Given several text queries, CLIP can still predict the segway class
correctly with high confidence.

.. code:: python

    prob = predictor.predict_proba({"image": [segway_image]}, {"text": ['segway', 'bicycle', 'wheel', 'car']})
    print("Label probs:", prob)


.. parsed-literal::
    :class: output

    Label probs: [[9.9997151e-01 5.8744063e-06 2.0352767e-05 2.2921422e-06]]
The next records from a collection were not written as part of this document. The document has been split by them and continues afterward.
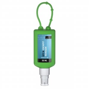 Artikel-Nr: SAN20-312-267-100Praktische Kosmetikflasche zum Anhängen! Das Spray mit Silikonhülle ist nicht nur optisch ein echter Hingucker! Raffiniert mit Schlaufe zum Anhängen an de Strandtasche, den Wander-Rucksack, den Ski-Anorak oder an den Kinderwagen. 50 ml PET Flasche (weiß) mit weißem Pumpaufsatz und transparenter Schutzkappe; Silikonhülle und Schlaufe in Nachfüllbar. Flasche hergestellt aus 100% recyceltem PET, weiß mit leichter R-PET-Färbung. Das Reinigungsspray entfernt Verschmutzungen materialschonend. Es ist bestens geeignet für die schnelle und unkomplizierte Reinigung des gesamten Kfz Cockpits, insbesondere von Displays und Lenkrad sowie allen anderen Oberflächen. Anwendung ohne Wasser: Aufsprühen, kurz einwirken lassen und mit einem Tuch abwischen. Der Reiniger hinterlässt einen angenehmen, frischen Zitronenduft und einen matten Glanz. • Lösemittelfrei • Native Rohstoffe • Biologisch abbaubar • Vegan • Hergestellt in Deutschland Dekoration: Body Label: Etikett PE (weiß), Druck 4c CMYK. Wahlweise glänzend oder matt.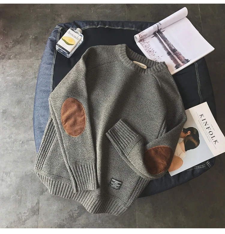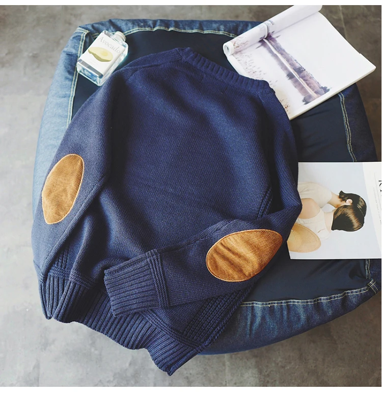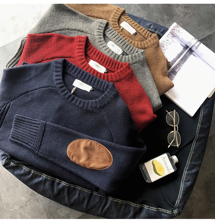 Пуловер мужской, в стиле колледжа, контрастный и уплотненный, с круглым вырезом, модный, плотный, шерстяной, трикотажный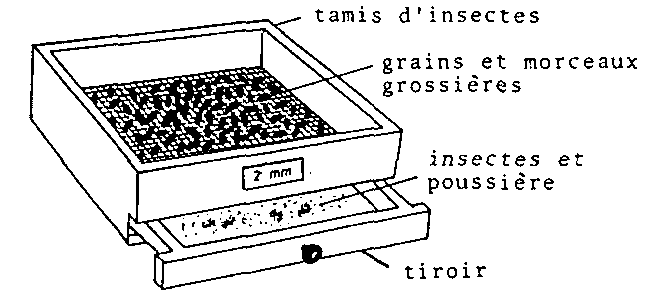 Certains ravageurs, tels que Sitotroga cerealella ou Sitophilus spp., se développent a l'intérieur du grain et échappent ainsi aisément aux contrôles. Pour mettre en évidence une infestation occulte, il faut procéder à une épreuve de flottage: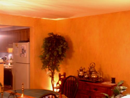 ![]() I was so wound up about this unexpected brick-rust base color that I got up at 3am to go down and check it out; just couldn't sleep. Well, it looked great but it was really red so I wonder how the second wash on - which is a rich Tuscan mustard-gold - will look over that. Anyway, up early and tested a small area area with a 50% cut of the mustard-gold and it was h-o-r-r-a-b-l-e. It looked like mud. It was awful! I got all pissed off and complained about the whole "red" look to the rooms, but Marissa thougth they looked really good. Well, the work was really good, but I was totally disappointed about the color. So I stormed out of the house threatening to return with a couple of gallons of white paint and start over. But when I got back, I thought I'd try washing-on the mustard-gold full strength rather than cutting it and if that didn't work then I'd just cover everything with the mustard-gold as a new base and then wash-on the brick-rust as the second application. I did a large section with the full strength mustard-gold and it looked really nice; exactly the "old feel&quo; look I was looking for. Unfortunately, because of the full strength application, I was only able to cover 4' of wall per hour vs the over 6' with the half cut finish. I worked until I was sick of it and then took Marissa to dinner, rented a couple of movies, and just "vegged out" for the evening. |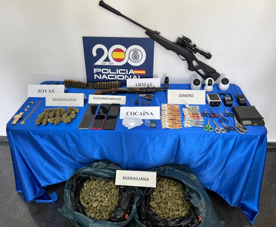 También se intervinieron 9 kilogramos de cogollos de marihuana en fase de secado, una carabina de aire comprimido, distintas dosis de cocaína, teléfonos móviles, joyas y más de 600 euros en metálico procedentes presuntamente de la venta de sustancias.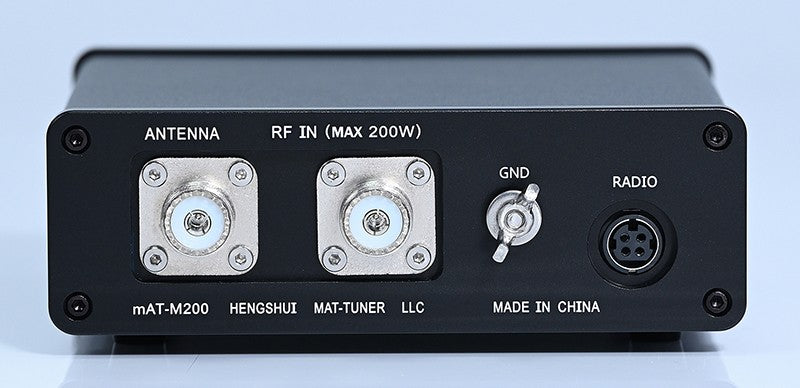 mAT-M200 è progettato appositamente per i trasmettitori di marca ICOM e KENWOOD con potenza RF non superiore a 200 W (SSB). Questo sintonizzatore è anche un'ottima scelta per gli utenti che amano utilizzare il trasmettitore in modalità digitali come FT8, CW e RTTY. Per la maggior parte dei sintonizzatori, non è possibile sopportare 100 watt di segnali RF in modalità digitale che entrano nel sintonizzatore. mAT-M200 consente fino a 100 watt di segnali RF in modalità digitale di passare attraverso il sintonizzatore. mAT-M200 ha una gamma di frequenza di lavoro di 1,8-54 MHz e una potenza RF massima consentita di 200 watt. Come sintonizzatore di antenna esterno, è collegato al trasmettitore ICOM tramite il cavo di controllo mAT-CI o al trasmettitore KENWOOD tramite il cavo mAT-CK. Il sintonizzatore è dotato di cavo mAT-CI di default. Il trasmettitore fornisce alimentazione al sintonizzatore tramite questo cavo, comunica con esso e controlla il funzionamento del sintonizzatore. Il sintonizzatore non richiede alimentazione aggiuntiva. Il sintonizzatore è compatibile con i sintonizzatori ICOM e KENWOOD e gli utenti possono facilmente controllare il sintonizzatore utilizzando i pulsanti [TUNE] o [AT] sul pannello dell'apparecchiatura radio. Ciò rende il funzionamento del sintonizzatore molto comodo.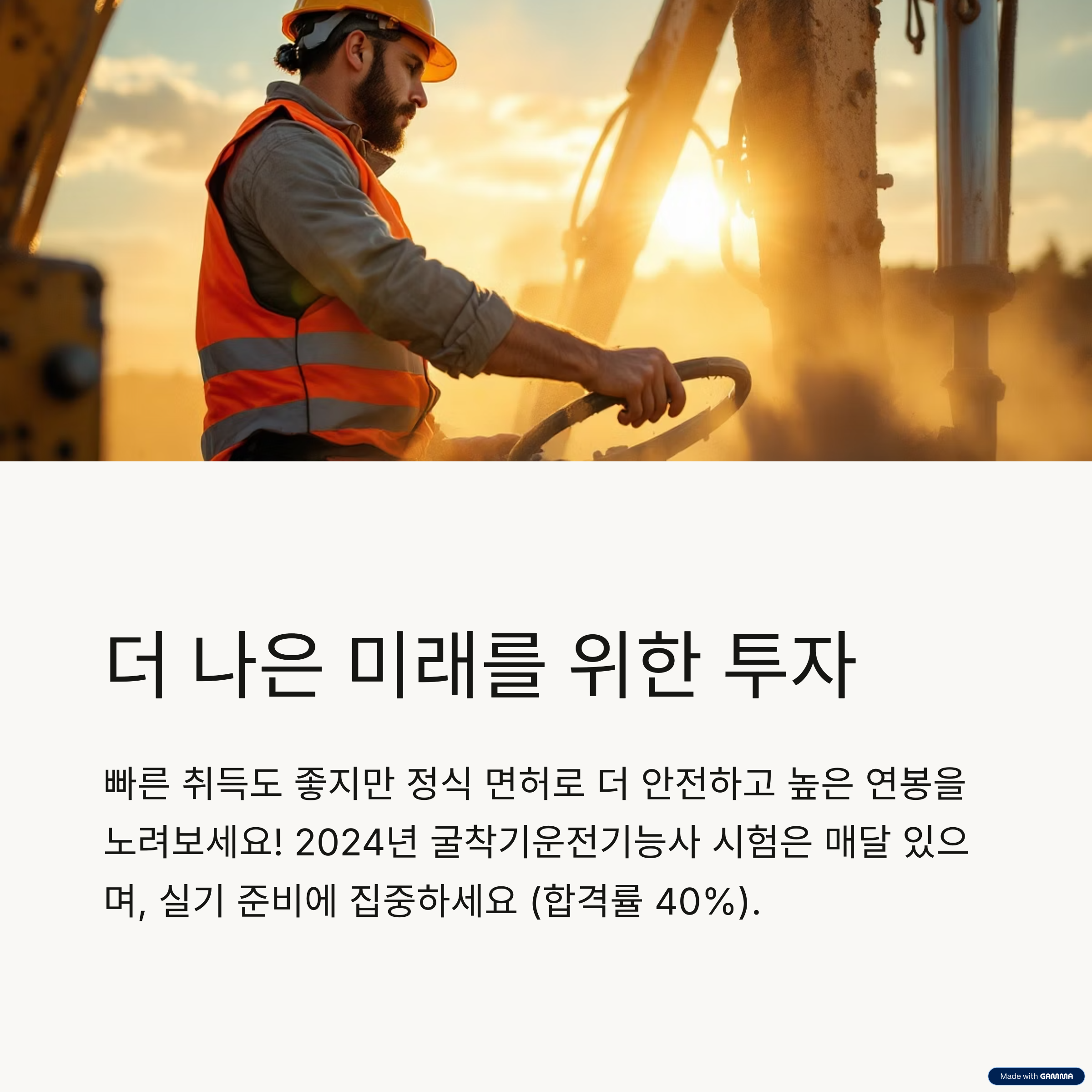 본 콘텐츠가 중장비 라이선스 취득을 계획 중인 모든 분들에게 유용한 지침이 되길 바랍니다.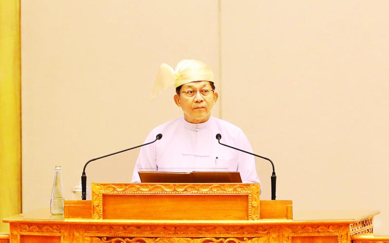 ပြည်ထောင်စုလွှတ်တော် ကတိသစ္စာပြုပွဲအခမ်းအနားတွင် နိုင်ငံတော်သမ္မတ ဦးမင်းအောင်လှိုင် ပြောကြားသည့် မိန့်ခွန်း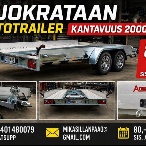 Temared traileri vuokrattavana, kantavuus 2000kg, kokonaispaino 2700kg.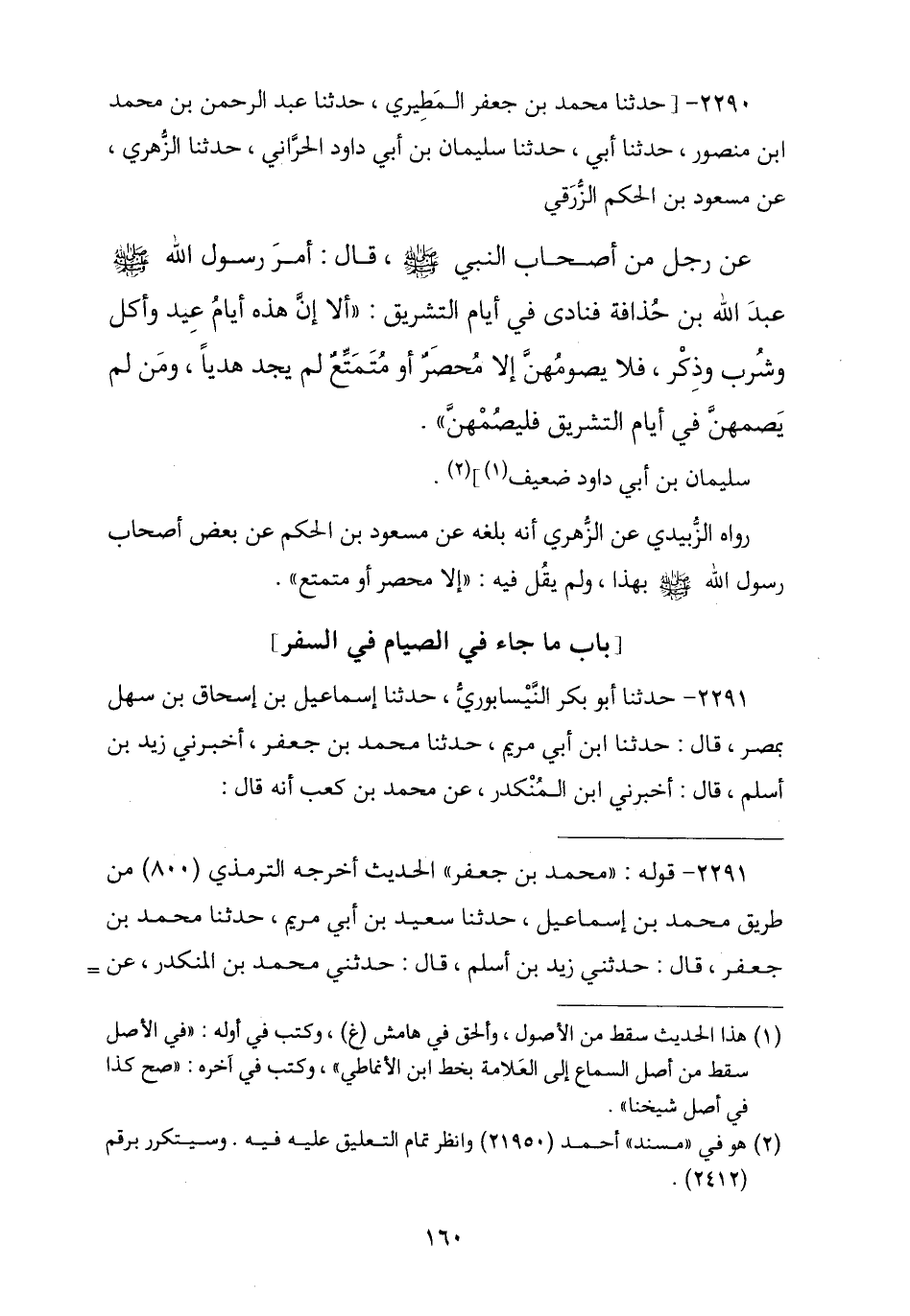 2290 - ثنا مُحَمَّدُ بْنُ جَعْفَرٍ الْمَطِيرِيُّ , ثنا عَبْدُ الرَّحْمَنِ بْنُ مُحَمَّدِ بْنِ مَنْصُورٍ , ثنا أَبِي , ثنا سُلَيْمَانُ بْنُ أَبِي دَاوُدَ الْحَرَّانِيُّ , ثنا الزُّهْرِيُّ , عَنْ مَسْعُودِ بْنِ الْحَكَمِ الزُّرَقِيِّ , عَنْ رَجُلٍ مِنْ أَصْحَابِ النَّبِيِّ صَلَّى اللهُ عَلَيْهِ وَسَلَّمَ , قَالَ: أَمَرَ رَسُولُ اللَّهِ صَلَّى اللهُ عَلَيْهِ وَسَلَّمَ عَبْدَ اللَّهِ بْنَ حُذَافَةَ فَنَادَى فِي أَيَّامِ التَّشْرِيقِ: «أَلَا إِنَّ §هَذِهِ أَيَّامُ عِيدٍ وَأَكْلٍ وَشُرْبٍ وَذِكْرٍ فَلَا يَصُومُهُنَّ إِلَّا مُحْصَرٌ , أَوْ مُتَمَتِّعٌ لَمْ يَجِدْ هَدْيًا , وَمَنْ لَمْ يَصُمْهُنَّ فِي أَيَّامِ الْحَجِّ الْمُتَتَابِعَةِ فَلْيَصُمْهُنَّ». سُلَيْمَانُ بْنُ أَبِي دَاوُدَ ضَعِيفٌ. رَوَاهُ الزُّبَيْدِيُّ , عَنِ الزُّهْرِيِّ , أَنَّهُ بَلَغَهُ عَنْ مَسْعُودِ بْنِ الْحَكَمِ , عَنْ بَعْضِ أَصْحَابِ رَسُولِ اللَّهِ صَلَّى اللهُ عَلَيْهِ وَسَلَّمَ بِهَذَا , وَلَمْ يَقُلْ فِيهِ: إِلَّا مُحْصَرًا , أَوْ مُتَمَتِّعًا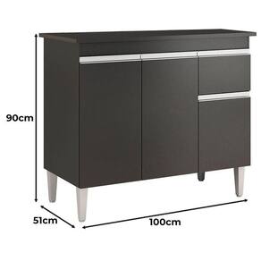 Balcão de Cozinha Ambiente Tatiane com Tampo 100cm Preto Fosco - AJL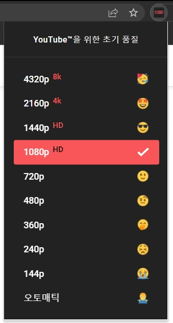 전 1080 으로 선택하고 브라우저를 끄고 켠 후 유튜브를 재생해 보았는데

This is amazing, right? Now a bit knowledge on why and how CLIP works.
CLIP is called Contrastive Language-Image Pre-training. It is trained on
a massive number of data (400M image-text pairs). By using a simple loss
objective, CLIP tries to predict which out of a set of randomly sampled
text is actually paired with an given image in the training dateset. As
a result, CLIP models can then be applied to nearly arbitrary visual
classification tasks just like the examples we have shown above.

More about CLIP
---------------

CLIP is powerful, and it was designed to mitigate a number of major
problems in the standard deep learning approach to computer vision, such
as costly datasets, closed set prediction and poor generalization
performance. CLIP is a good solution to many problems, however, it is
not the ultimate solution. CLIP has its own limitations. For example,
CLIP is vulnerable to typographic attacks, i.e., if you add some text to
an image, CLIP’s predictions will be easily affected by the text. Let’s
see one example from OpenAI’s blog post on `multimodal
neurons <https://openai.com/blog/multimodal-neurons/>`__.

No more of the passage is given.